P. El ser Dios señor de los hombres por título esencial a su naturaleza, ¿impone a los hombres alguna obligación esencial?

R. Sí. El hombre esencialmente y por naturaleza está sujeto a la potestad y a la voluntad de Dios313, y esta voluntad es regla suya natural e inmutable314, de manera que es injusto el que no la sigue, y es justo el que la sigue y se conforma con ella315.

P. Según eso es necesario que el hombre en todo sujete su voluntad a la de Dios.

R. La subordinación de la voluntad del hombre a la de Dios es tan esencial a su naturaleza, que ni el mismo Dios puede permitir que la voluntad humana sea regla y fin de las obras del hombre.

P. ¿Qué se sigue de esta obligación esencial del hombre?

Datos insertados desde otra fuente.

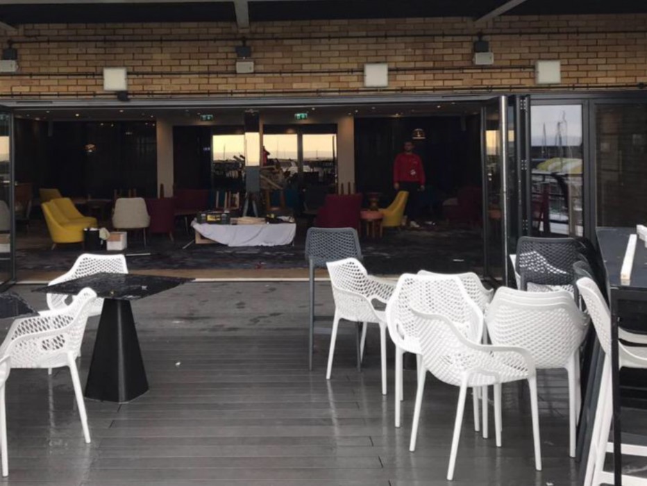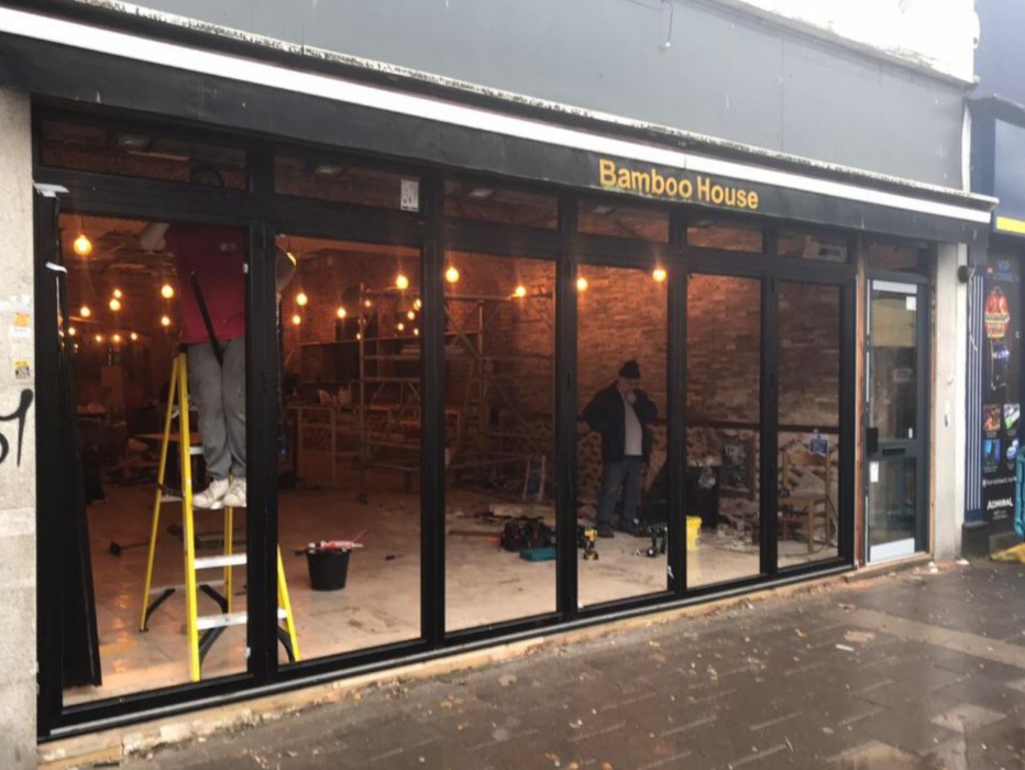 POWDER COATED BYFOLD DOORS AND INCORPORATED INTO THE SHOPFRONT SUPPLIED AND FITTED IN BRIGHTON BY OUR EXPERT FITTERS ALL COMES WITH 10 YEAR PARTS AND LABOUR GUARANTEE AND THE 10 YEAR FENSA GUARANTEE,ALL ENQUIRES PLEASE CONTACT SCOTT ON 01273380022.

R. Que nadie puede ser obligado a seguir la voluntad de otro hombre considerada en sí misma   —122→   y sin respeto a la voluntad de Dios. Por eso el mismo Jesucristo en cuanto hombre protesta haber hecho siempre la voluntad de su padre, y no la suya316. Pues si no puede permitirse a criatura ninguna que haga su propia voluntad, menos permitido será pretender que reine y domine sobre los otros, no siendo nuestra voluntad regla de sí misma ni de otra ninguna criatura. Sólo Dios puede reinar justamente sobre nuestra voluntad: a solo él pertenece el Imperio317, pues su divina voluntad debe ser consultada como regla única de nuestras acciones. Necesario es, pues, que resida la potestad de Dios y la autoridad en las personas públicas, a quien se debe sumisión y obediencia; porque esta sumisión no se debe a los hombres considerados en sí mismos, sino como autorizados por el que es principio del orden, y fin y blanco de nuestra obediencia.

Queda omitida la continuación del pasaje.